→ Your objective
Retype the data below exactly, skipping pictures.
**** Supplied data
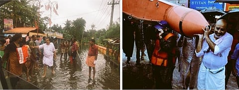 A picture of Kerala Water Minister and leader of the opposition parties helping the flood victims was doing the rounds in the social media.
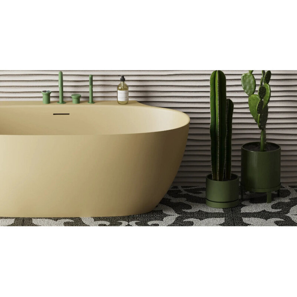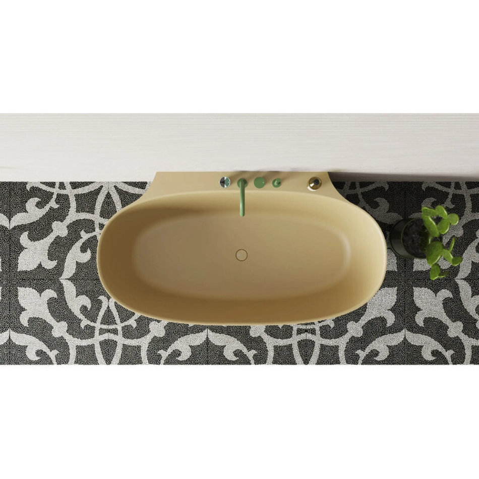 Эта модель соединяет в себе классическую овальную форму изголовий и спрятанный за ними пристенный борт. Благодаря такой конструкции создаётся впечатление отдельностоящей ванны, но сохраняется практичность плотного примыкания к стене и дополнительной поверхности для хранения косметических средств и аксессуаров. При желании здесь также можно разместить и смеситель.
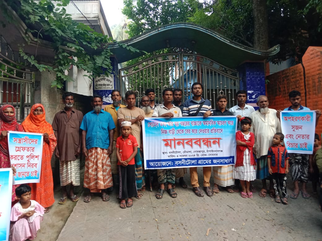 চাঁপাইনবাবগঞ্জের গোমস্তাপুরে বড়ভাইয়ের রোষানলে পড়ে ৬ বছরের শিশুকন্যাসহ ঘরছাড়া হয়েছেন এক পিতা। এ ঘটনার প্রতিবাদে গত সোমবার বিকেলে মানববন্ধন করেছে এলাকাবাসী। ঘটনাটি ঘটেছে গত বৃহস্পতিবার উপজেলার চৌডালা ইউনিয়নের বসনিটোলা গ্রামে। ঘটনার শিকার ওই গ্রামের মজিবুর রহমানের ছেলে সোহেল জানায়, গত বৃহস্পতিবার বড়ভাই সুজনের করা মামলায় আদালতে হাজিরা দিতে চাঁপাইনবাবগঞ্জে অবস্থান করার সময় তার বড়ভাই সুজন তার ছয় বছর বয়সী শিশু কন্যা সামিয়াকে বাড়ি থেকে বের করে দিয়ে বাড়ি তালাবদ্ধ করে রাজশাহী চলে যায়। সেদিন থেকে সে শিশু কন্যাকে নিয়ে প্রতিবেশীদের বাড়িতে অবস্থান করছেন। এ ঘটনায় সে গোমস্তাপুর থানায় একটি অভিযোগ করেছেন বলে জানান। এরআগেও তার বড়ভাই তাকে মাদকাসক্ত তকমা দিয়ে পিতৃ সম্পত্তি থেকে বঞ্চিত করতে শিশুকন্যাসহ অপহরণ করে। এ সংক্রান্ত একটি মামলা আদালতে বিচারাধীন রয়েছে বলে তিনি জানান।ছোট ভাইয়ের অভিযোগ প্রসঙ্গে বড়ভাই সুজন জানায়,ছোটভাই সোহেলের অভিযোগ অস্বীকার করে তিনি জানান, সে মাদকাসক্ত ও মানসিক রোগী। তাকে সংশোধন করতেই আমাদের এ উদ্যোগ।
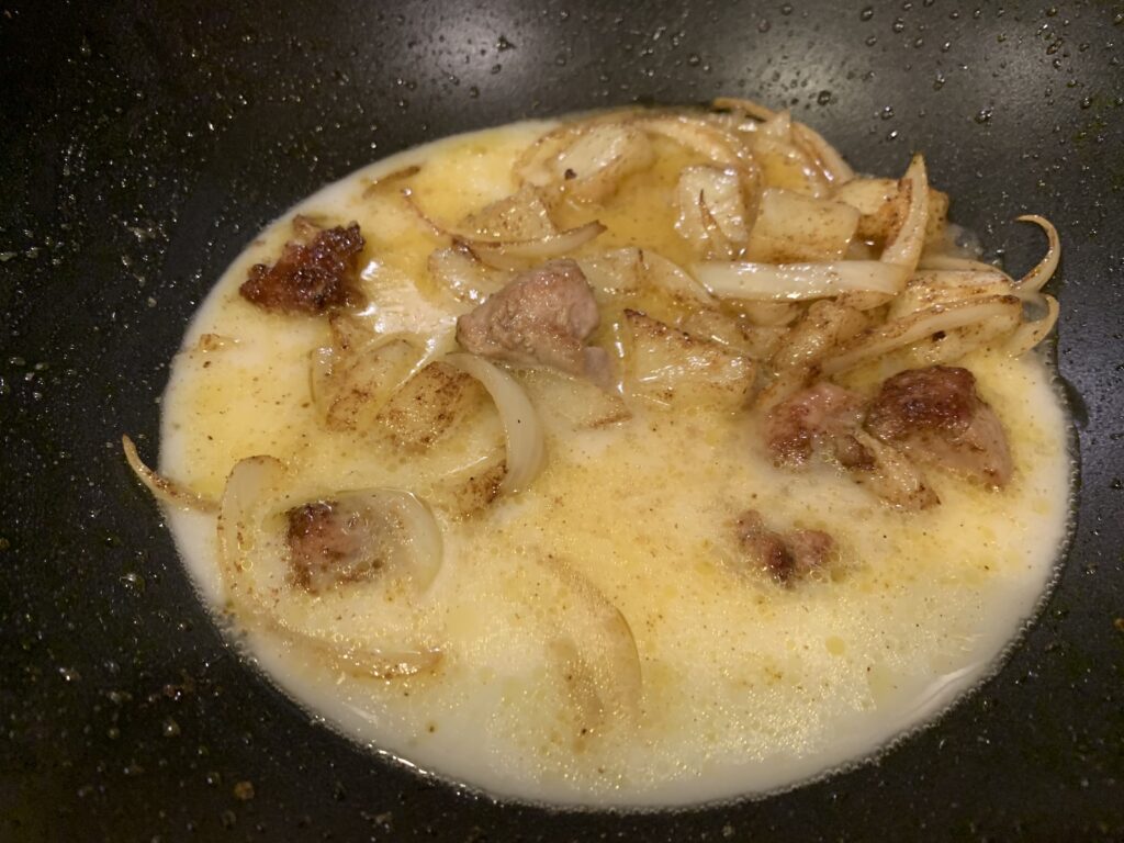 鍋へ。逃げずに強火のままで。白っぽさが消えるまで。とろみが出てくる。
********
→ Response area
 A picture of Kerala Water Minister and leader of the opposition parties helping the flood victims was doing the rounds in the social media.
 Эта модель соединяет в себе классическую овальную форму изголовий и спрятанный за ними пристенный борт. Благодаря такой конструкции создаётся впечатление отдельностоящей ванны, но сохраняется практичность плотного примыкания к стене и дополнительной поверхности для хранения косметических средств и аксессуаров. При желании здесь также можно разместить и смеситель.
 চাঁপাইনবাবগঞ্জের গোমস্তাপুরে বড়ভাইয়ের রোষানলে পড়ে ৬ বছরের শিশুকন্যাসহ ঘরছাড়া হয়েছেন এক পিতা। এ ঘটনার প্রতিবাদে গত সোমবার বিকেলে মানববন্ধন করেছে এলাকাবাসী। ঘটনাটি ঘটেছে গত বৃহস্পতিবার উপজেলার চৌডালা ইউনিয়নের বসনিটোলা গ্রামে। ঘটনার শিকার ওই গ্রামের মজিবুর রহমানের ছেলে সোহেল জানায়, গত বৃহস্পতিবার বড়ভাই সুজনের করা মামলায় আদালতে হাজিরা দিতে চাঁপাইনবাবগঞ্জে অবস্থান করার সময় তার বড়ভাই সুজন তার ছয় বছর বয়সী শিশু কন্যা সামিয়াকে বাড়ি থেকে বের করে দিয়ে বাড়ি তালাবদ্ধ করে রাজশাহী চলে যায়। সেদিন থেকে সে শিশু কন্যাকে নিয়ে প্রতিবেশীদের বাড়িতে অবস্থান করছেন। এ ঘটনায় সে গোমস্তাপুর থানায় একটি অভিযোগ করেছেন বলে জানান। এরআগেও তার বড়ভাই তাকে মাদকাসক্ত তকমা দিয়ে পিতৃ সম্পত্তি থেকে বঞ্চিত করতে শিশুকন্যাসহ অপহরণ করে। এ সংক্রান্ত একটি মামলা আদালতে বিচারাধীন রয়েছে বলে তিনি জানান।ছোট ভাইয়ের অভিযোগ প্রসঙ্গে বড়ভাই সুজন জানায়,ছোটভাই সোহেলের অভিযোগ অস্বীকার করে তিনি জানান, সে মাদকাসক্ত ও মানসিক রোগী। তাকে সংশোধন করতেই আমাদের এ উদ্যোগ।
 鍋へ。逃げずに強火のままで。白っぽさが消えるまで。とろみが出てくる。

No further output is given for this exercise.